Michelle Yeoh remembers the stunt from Supercop that almost killed her
Malaysian actress Michelle Yeoh recently revealed that she once proved to Jackie Chan that women have a place in action films, and don’t just “belong in the kitchen”.
But rising to fame for her roles in Hong Kong action films while performing so many of her own stunts presented her with a fair share of heartstopping moments along the way.
Speaking to Entertainment Weekly for her upcoming film Everything Everywhere All At Once, the 59-year-old recounted a risky stunt on the 1992 film Supercop that almost killed her.
Thankfully, fellow Hong Kong action star Chan saved her life.
She said: "In Asia at that time, we didn't really do rehearsals, we didn't have weeks of preparation. We learnt the stunt and we did it."
The stunt in question involved Yeoh rolling off a moving truck onto the hood of Chan's oncoming convertible, smashing into the windscreen to break her fall, then rolling onto the road when Chan brakes the car.

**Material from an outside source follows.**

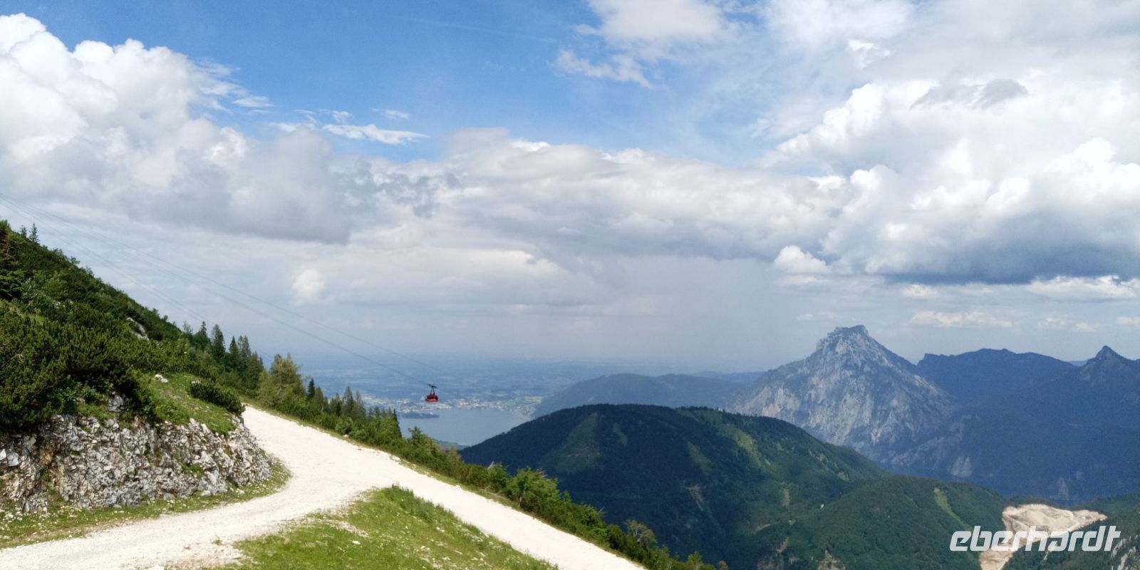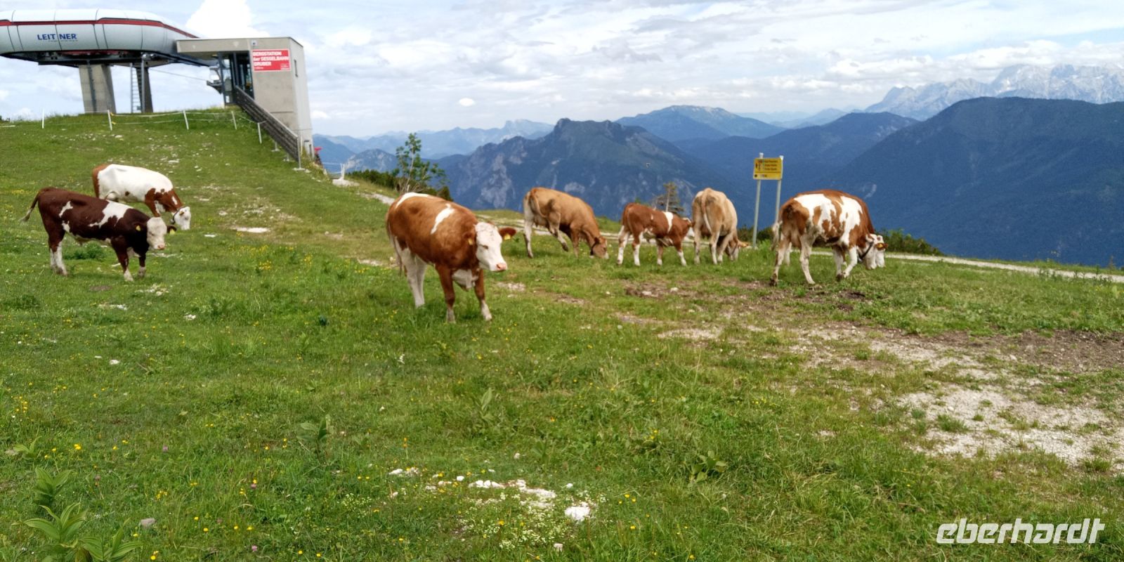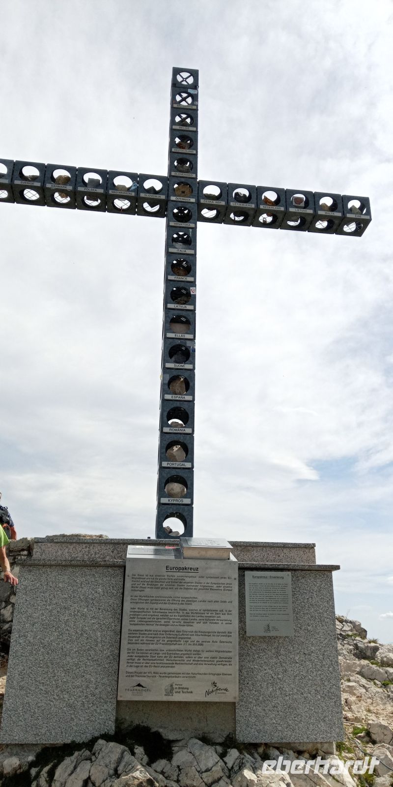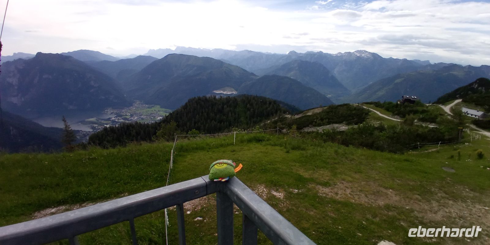 An unserem dritten Wandertag, erwartete uns am Morgen unsere heutige Bergführerin Barbara. So ging es heute auf den Weg zum Feuerkogel. Unser Busfahrer Andreas brachte uns zur Talstation der Feuerkogel-Bahn. Hier teilten wir heute unsere Wandergruppe. Barbara absolvierte mit 4 Gästen die anspruchsvolle Variante, nämlich den direkten Aufstieg zum Feuerkogel (1592 m). Die restliche Gruppe absolvierte mit mir die entspannte Variante. Wir fuhren mit der Feuerkogel-Bahn zur Bergstation hinauf, wo wir schon einen tollen Ausblick auf das Dachsteinmassiv und den Traunsee werfen konnten. Vom Feuerkogel aus starteten wir unsere Wanderung zum Europakreuz auf dem Alberfeldkogel (1707 m). Am Europakreuz konnten wir einen tollen Ausblick auf den vorderen Langbathsee genießen, welcher ja noch auf unserem Programm steht. Auch ein toller Blick bis zum Attersee bot sich dort oben. Das Europakreuz hat eine Besonderheit. Dieses Kreuz ist aus einzelnen Würfeln zusammen gebaut und jeder Würfel symbolisiert einen EU-Mitgliedsstaat. Gemütlich setzten wir unsere Wanderung fort, zurück Richtung Feuerkogel. So genossen wir einen weiteren tollen Ausblick auf den Traunsee am Pledigupf (1622 m). Anschließend legten wir eine Rast im Gasthof Edelweiss ein. Auch wenn ringsherum dunkle Wolken heranzogen, blieben wir aber auf dem Bergplateau trocken. So konnten wir die herrliche Landschaft noch ein wenig auf uns wirken lassen. Als am Nachmittag schließlich auch die andere Gruppe ihr Ziel erreicht hatte, fuhren wir alle zusammen wieder mit der Seilbahn hinunter ins Tal. Auf unserer Rückfahrt Richtung Altmünster, legten wir noch einen Stopp in dem kleinen Örtchen Traunkirchen ein. Barbara machte mit uns noch einen kleinen Spaziergang entlang der Seepromenade. Hier konnten wir die Füße ins Wasser halten, zur Abkühlung des heutigen Wandertages. Da es im Tal doch sehr warm war, gab es sogar ein paar mutige Badegäste. Individuell konnte jeder auch die idyllische Johannesbergkapelle besichtigen. Zurück am Hotel, ließen wir diesen schönen Tag wieder mit einem leckeren 3-Gänge Menü ausklingen.

"You look at it and it's about a six-foot fall, it's not much, and you think, 'I could do this.' But once the two vehicles are moving you go, 'Oh, wow, this is a completely different experience. I'm not standing still, the car isn't, nothing is still.' I don't know whether it was crazy, a moment of insanity, [but] the thought that went through my head was, 'You're never going to know how it feels until you try it.'"
What went wrong, however, was that the windscreen didn't shatter – which caused her to slide off the car in the wrong direction.
She said: "I had nowhere to hold on to and I kept sliding off the car. And if you watch the outtakes, you can see Chan panic. He can see me going off and I'm floundering; he reaches over and he literally just grabs me — luckily, I think he saved my head — by my shirt."
Yeoh slid off the car and landed on the road ("fortunately, I didn't go head first," she said) but a stuntman who came to her aid didn't fare that well. He slipped off the car, suffered a bad concussion and was sent to the hospital.
Chan wanted to call off the shoot, she recalled.
"He was like, 'Okay, okay, that's it! Enough! We are finished for the day! We're not doing it anymore! This is stupid! This is ridiculous! We're not doing it!'"
Ever the daredevil, though, Yeoh wanted a second shot at the stunt.
"You know when you fall off a horse? You jump back on right away. If we had stopped the shoot, gone away and thought about it, I wouldn't have gone back up."
Looking back on her film career, and especially the stunts performed in Supercop, Yeoh said she has questioned herself: "What was I thinking? I was swinging at the side of trucks. I was riding a motorcycle onto a moving train. I was doing the most insane stunts."
Now, she's content to let the stunt professionals take over.
"I am not a stunt person, per se. I have to sometimes step back and say, 'Please let the professionals do their job.' I have to talk myself down," she said.